Well, as nothing in the book defies the laws of physics (other than implying some people have super-memory, and the transforming helicopters/cars and fireproof-houses are just the typical predicted advances in technology in stories set in the future, and pretty tame, at that), nothing about the premise is "impossible." Learning books by rote is not stated to be a substitute for "engaging with the text" but the only way to hang onto your books when the government burns all physical copies (before anyone invokes Tech Marches On, using e-books would be even more foolish, since they require electrical power that is scarce when you're on the run from society, and accessing them can be easily tracked); reciting is used as the only available substitute (under the circumstances) for reading, and memorizing as a weapon to protect valuable texts from the fire so people can continue to engage with them just as people once did in the days of the Oral Tradition. Is it tragic that people have to resort to this method to read? Yes. But what's the alternative? And what's shallow about bookworm rebel survivalists? Bond's completely right that the film was poor — as usual. I find it ridiculous, however, that he got the impression that a society that hates books also cannot read. People read words all the time in the book! The tv programs come with scripts for audience participation! The Firemen get written reports of houses to burn! Bond should have read Faber's conversation with Montag; it's not the act of reading written strokes of ink or type that represent sounds and form words that is disappearing, it's the activity of reading, and any bookworm could have told him there's a difference. It's books the government destroys, not the written word.
Really, criticism is a luxury — that's why most people read novels that are meant to be fun and not something they can wrestle with or dissect the symbolism of. You need time to think and time to read more books in order to engage in criticism. So the Book People are taking a literal approach to "preserving" books, but it's something that they love, and hopefully one day they'll transmit the texts back into writing and have the luxury of criticism one again. Also, the Book People are pretty pretentious — ninety percent of their texts are the kinds of books you say that you've read so that you can impress others. At least the film changed up their group (and literature) from being all staid old white men.

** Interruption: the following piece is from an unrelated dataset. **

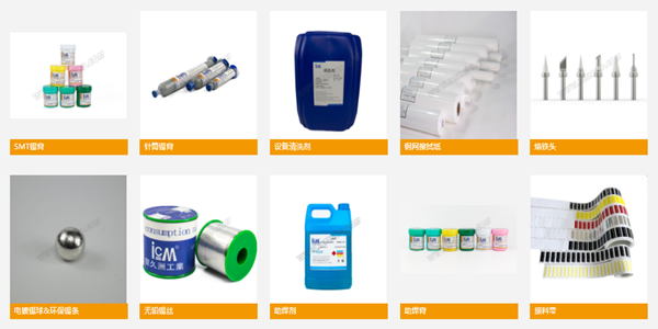 包括SMT锡膏,针筒锡膏,设备清洗剂,钢网擦拭纸,洛铁头,电镀锡球/环保锡球,无铅锡丝,助焊巴青完初呢研剂,助焊膏,接料带,封装保波每很官特火钱院护胶水,锡铜线,金线。
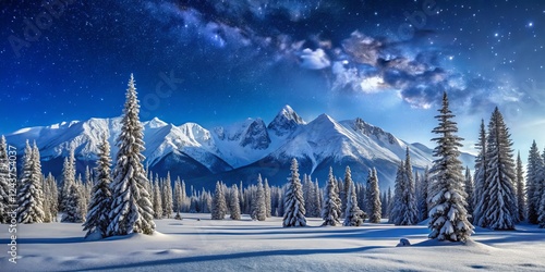 Fototapeta premium Celestial Snowscape Milky Way, Snowy Peaks, Winter Forest

Books also provide a way of preserving the voices and ideas of people from the past. Destroying books can be taken to mean that they are eradicating the memories of the people who have written and read them. These "pretentious" people may simply believe that these books, authors, and ideas are worth remembering, and they see themselves, with the best intentions, as the last safeguards to keep the ideas of the books and the writers from disappearing entirely from the world. If they have been able to pass on their book to even one person, then they would have kept the book in human memory for at least a little longer.